> Provided records
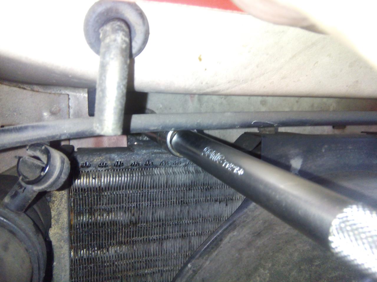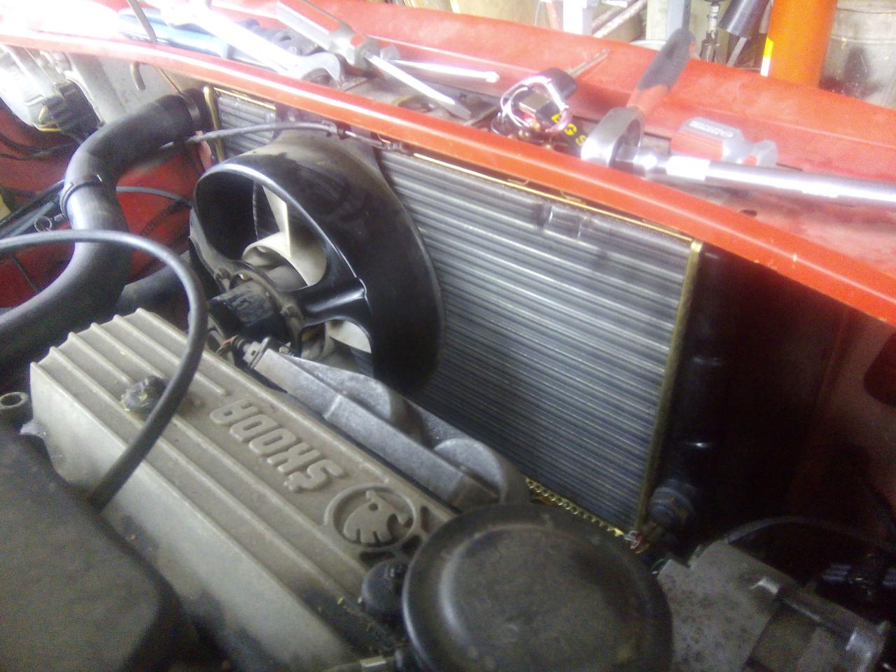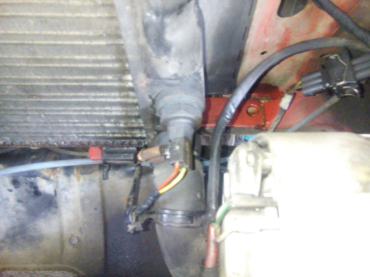 dále přehodíme i čidlo spínání ventilátoru,popřípadě i hadici na vodu pokud bychom jí sundali u termostatu a né s chladiče ted je třeba chladič namontovat zpět do vozu- dole nasadíme do silentbloků a nahoře uchytíme na oba šrouby a utáhneme dále nasadíme a zajistíme sponou všechny hadice ,nacvaknem konektor na čidlo na chladiči a na ventilátor ted si nalejem do expanzky směs vody a nemrznoucí kapaliny,natočíme auto,necháme ohřát do otevření termostatu -poznáme tak že je horkej komplet celej chladič či nám sepne ventilátor na chladiči a poklesne hladina vody v expanzní nádobce vodu dolejeme a máme hotovo
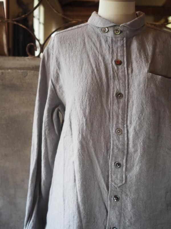 Sa-Rah定番のシャツです。ボタンが二つ並んだコンパクトな襟は、立てて着ることも出来ます。
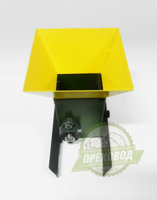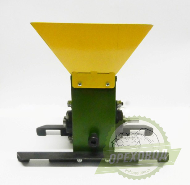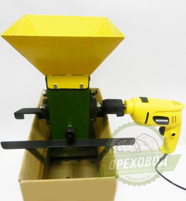 Подсоединяем дрель или шуруповерт к колющему валу в роли привода, устанавливаем нужный калибр, запускаем привод, загружаем орех в бункер (объем бункера 3 кг). Раскол скорлупы происходит при вращении вала с зазором, который захватывает орех и прижимает к стенке колющего бункера, проворачиваясь раскалывает и отправляет его в выгрузочный лоток. Усилие и зазор между валом и стенкой легко регулируется даже во время роботы орехокола, в результате достигается оптимальный раскол ореха и максимальный результат. Для обслуживания установки требуется один человек.
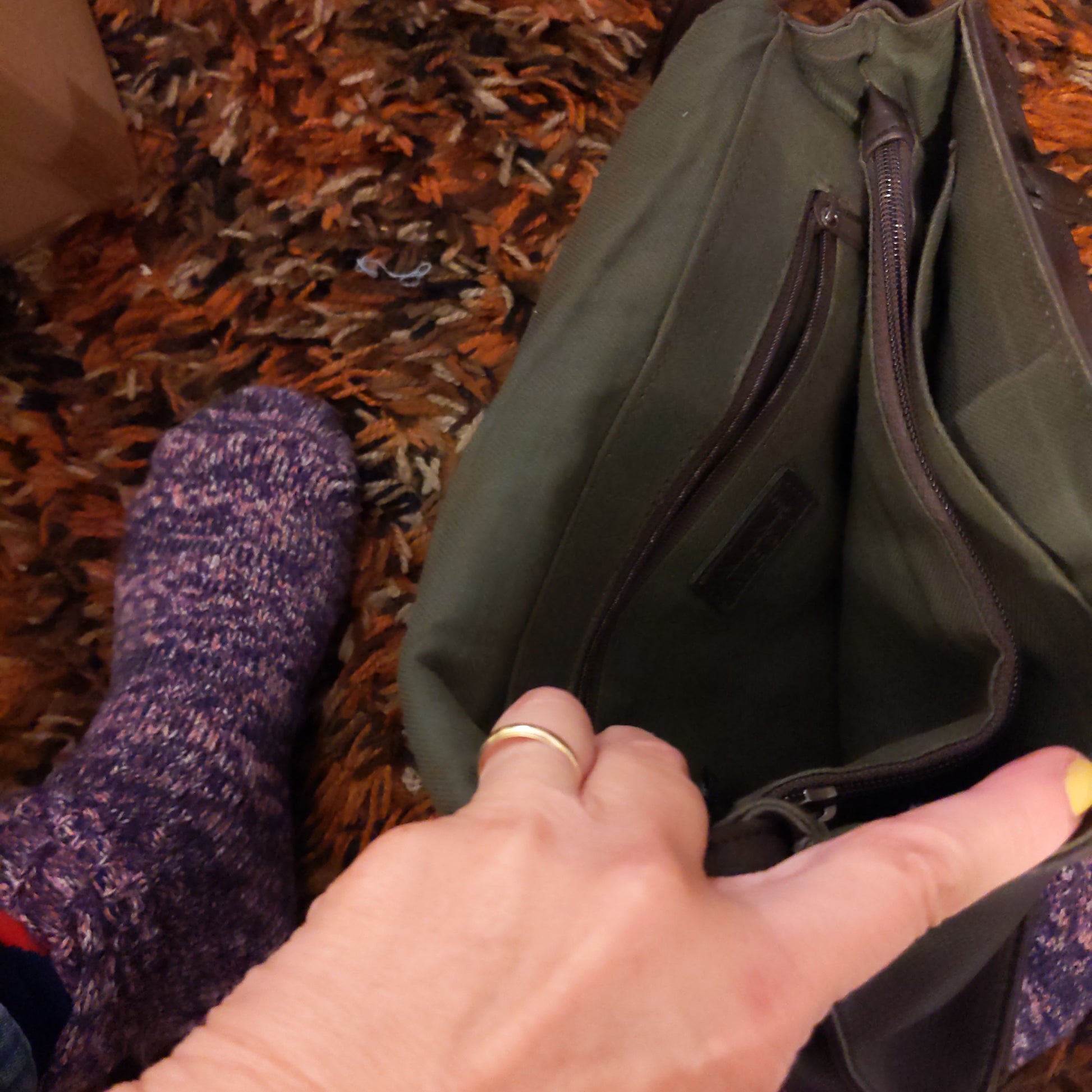 Has 3 compartments and 2 tiny zippered compartments inside the handbag.
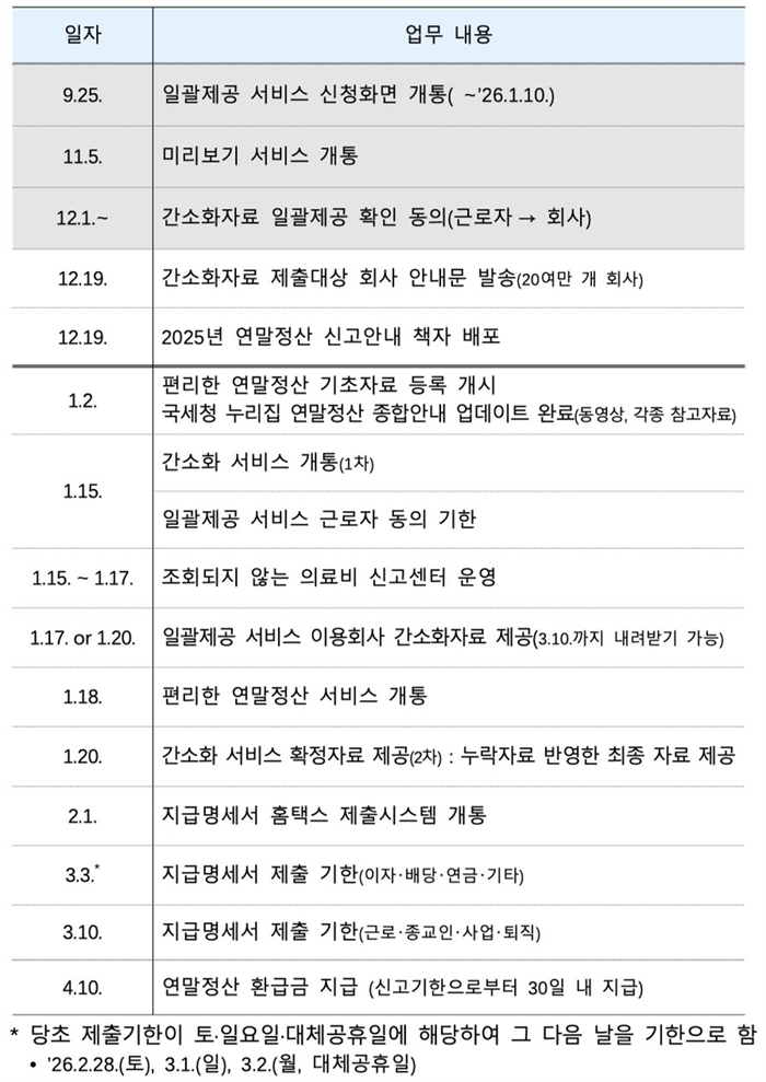 2025년 귀속 연말정산 일정 (사진=연합뉴스)
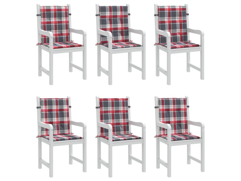 Podušky na židli nízké opěradlo 6ks červené kárované 100x50x3cm 314154

> Directions for this task
Pictures stay out of this copy. Retype exactly the lines from the one with "Sa-Rah定番のシャツです" through the last line of the data, both ends included, and nothing more.

> Reply to the task
 Sa-Rah定番のシャツです。ボタンが二つ並んだコンパクトな襟は、立てて着ることも出来ます。
 Подсоединяем дрель или шуруповерт к колющему валу в роли привода, устанавливаем нужный калибр, запускаем привод, загружаем орех в бункер (объем бункера 3 кг). Раскол скорлупы происходит при вращении вала с зазором, который захватывает орех и прижимает к стенке колющего бункера, проворачиваясь раскалывает и отправляет его в выгрузочный лоток. Усилие и зазор между валом и стенкой легко регулируется даже во время роботы орехокола, в результате достигается оптимальный раскол ореха и максимальный результат. Для обслуживания установки требуется один человек.
 Has 3 compartments and 2 tiny zippered compartments inside the handbag.
 2025년 귀속 연말정산 일정 (사진=연합뉴스)
 Podušky na židli nízké opěradlo 6ks červené kárované 100x50x3cm 314154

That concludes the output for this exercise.